TASK ITEM: Please retype every entry as written, and keep the pictures out.

#### DATA FOR THE TASK

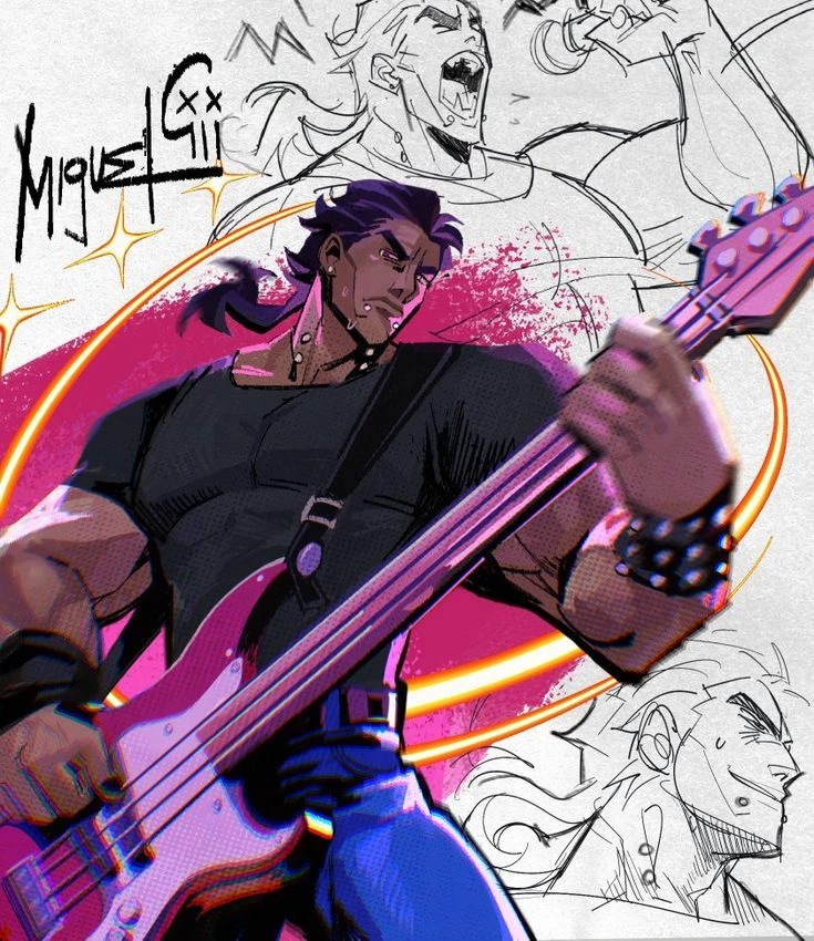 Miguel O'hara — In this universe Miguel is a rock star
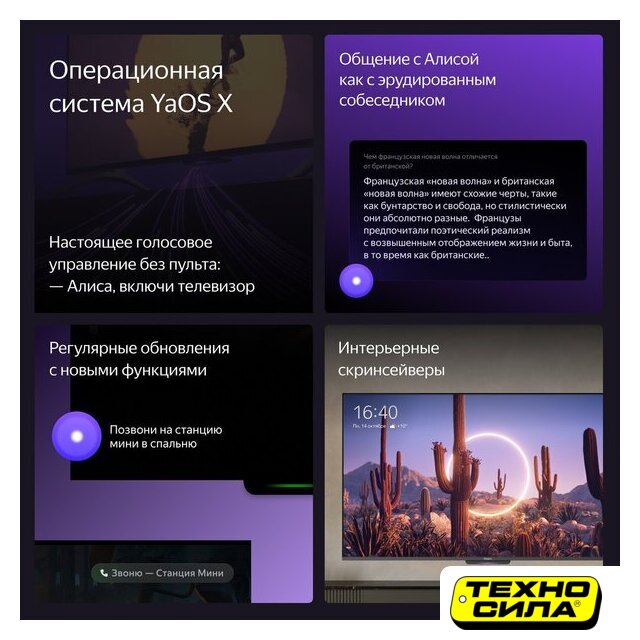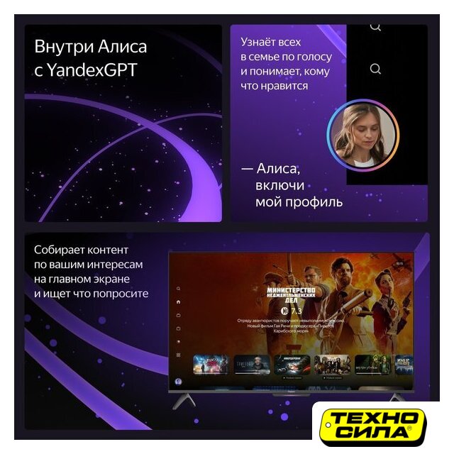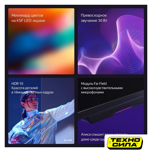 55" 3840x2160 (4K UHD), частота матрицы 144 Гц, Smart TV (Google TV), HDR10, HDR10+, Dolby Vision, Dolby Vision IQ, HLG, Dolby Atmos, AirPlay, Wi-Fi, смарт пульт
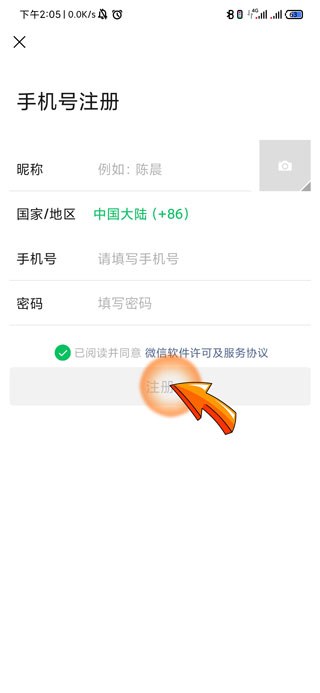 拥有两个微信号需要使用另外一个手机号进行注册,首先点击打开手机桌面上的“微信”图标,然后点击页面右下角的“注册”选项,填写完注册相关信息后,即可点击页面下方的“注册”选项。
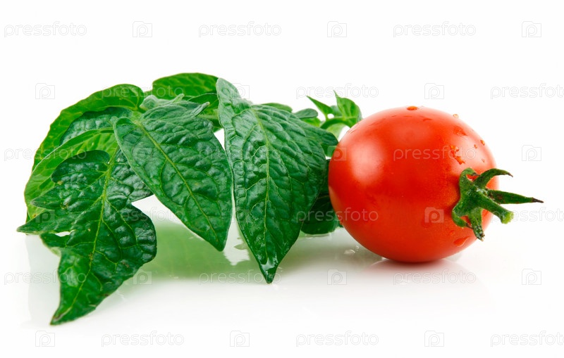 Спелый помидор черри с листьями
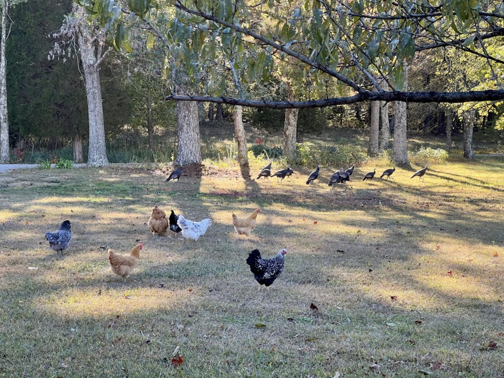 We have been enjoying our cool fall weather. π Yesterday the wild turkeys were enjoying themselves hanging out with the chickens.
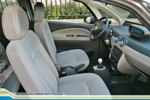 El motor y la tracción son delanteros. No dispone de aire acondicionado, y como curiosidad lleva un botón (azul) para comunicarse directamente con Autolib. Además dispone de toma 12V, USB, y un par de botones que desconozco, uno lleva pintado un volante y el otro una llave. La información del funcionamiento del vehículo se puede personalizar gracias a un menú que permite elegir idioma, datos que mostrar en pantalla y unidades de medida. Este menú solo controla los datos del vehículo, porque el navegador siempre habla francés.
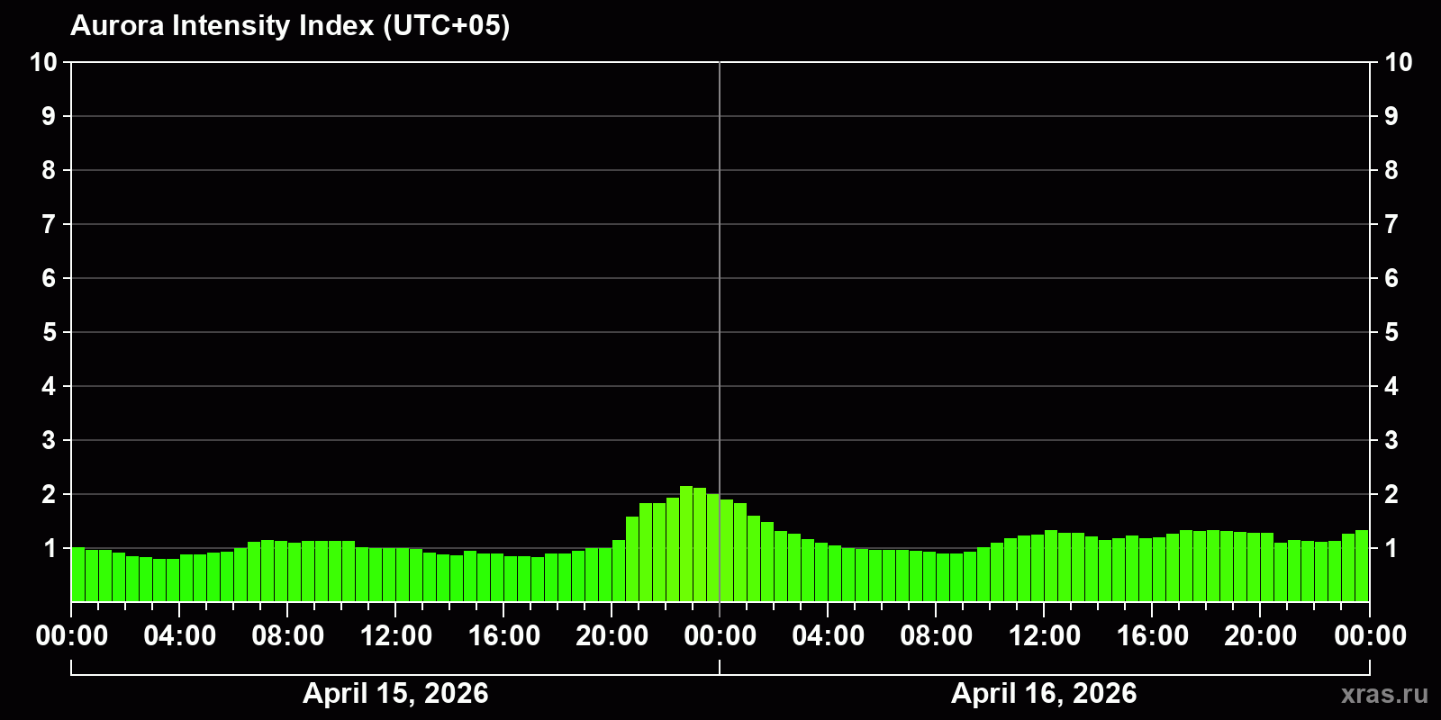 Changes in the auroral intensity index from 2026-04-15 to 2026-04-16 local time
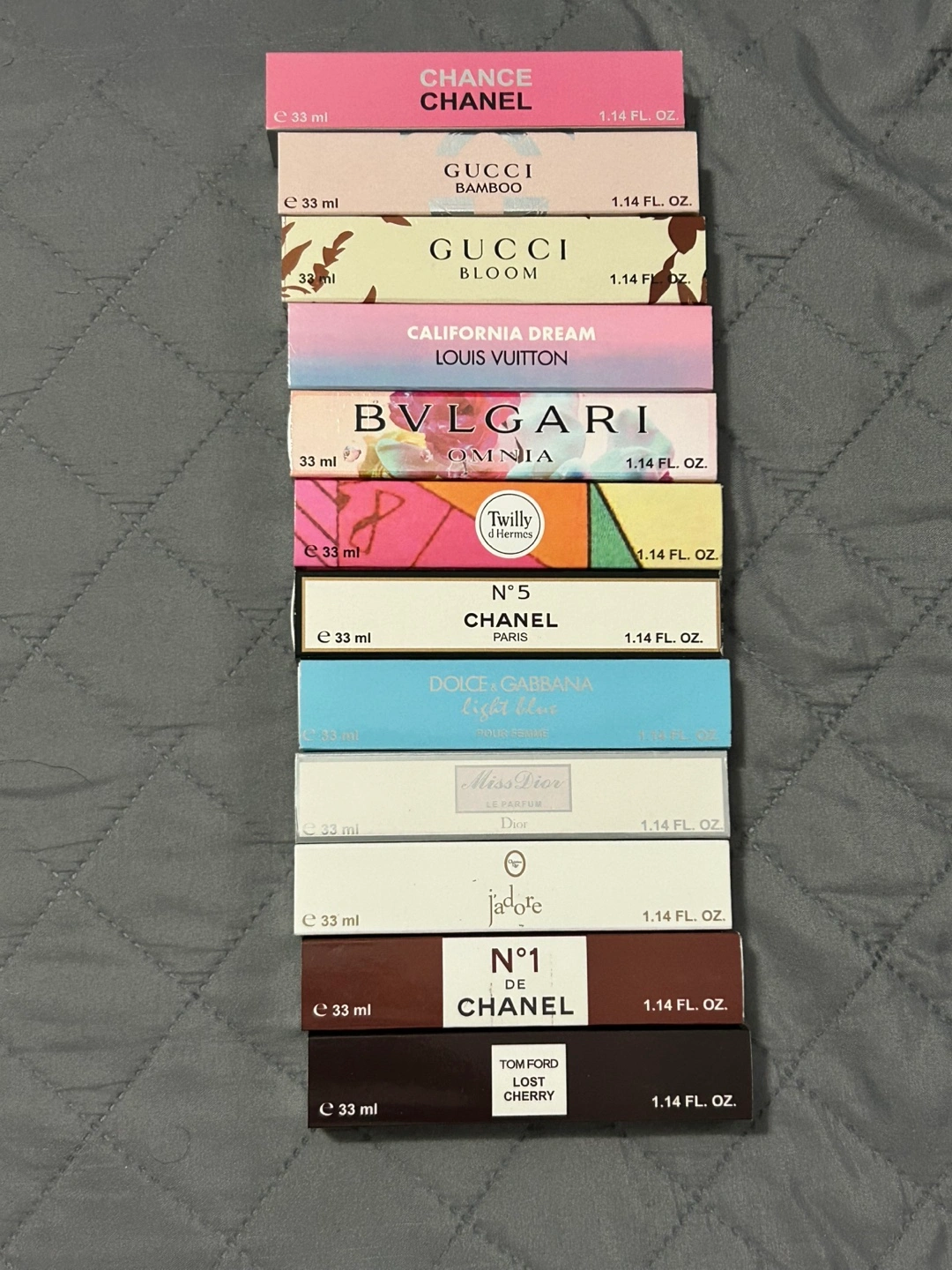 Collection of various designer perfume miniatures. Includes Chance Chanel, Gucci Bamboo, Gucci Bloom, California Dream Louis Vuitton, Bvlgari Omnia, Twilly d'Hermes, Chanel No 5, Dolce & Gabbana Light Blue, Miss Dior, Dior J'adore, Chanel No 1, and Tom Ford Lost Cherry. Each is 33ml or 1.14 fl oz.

########

WRITTEN REPLY:
 Miguel O'hara — In this universe Miguel is a rock star
 55" 3840x2160 (4K UHD), частота матрицы 144 Гц, Smart TV (Google TV), HDR10, HDR10+, Dolby Vision, Dolby Vision IQ, HLG, Dolby Atmos, AirPlay, Wi-Fi, смарт пульт
 拥有两个微信号需要使用另外一个手机号进行注册,首先点击打开手机桌面上的“微信”图标,然后点击页面右下角的“注册”选项,填写完注册相关信息后,即可点击页面下方的“注册”选项。
 Спелый помидор черри с листьями
 We have been enjoying our cool fall weather. π Yesterday the wild turkeys were enjoying themselves hanging out with the chickens.
 El motor y la tracción son delanteros. No dispone de aire acondicionado, y como curiosidad lleva un botón (azul) para comunicarse directamente con Autolib. Además dispone de toma 12V, USB, y un par de botones que desconozco, uno lleva pintado un volante y el otro una llave. La información del funcionamiento del vehículo se puede personalizar gracias a un menú que permite elegir idioma, datos que mostrar en pantalla y unidades de medida. Este menú solo controla los datos del vehículo, porque el navegador siempre habla francés.
 Changes in the auroral intensity index from 2026-04-15 to 2026-04-16 local time
 Collection of various designer perfume miniatures. Includes Chance Chanel, Gucci Bamboo, Gucci Bloom, California Dream Louis Vuitton, Bvlgari Omnia, Twilly d'Hermes, Chanel No 5, Dolce & Gabbana Light Blue, Miss Dior, Dior J'adore, Chanel No 1, and Tom Ford Lost Cherry. Each is 33ml or 1.14 fl oz.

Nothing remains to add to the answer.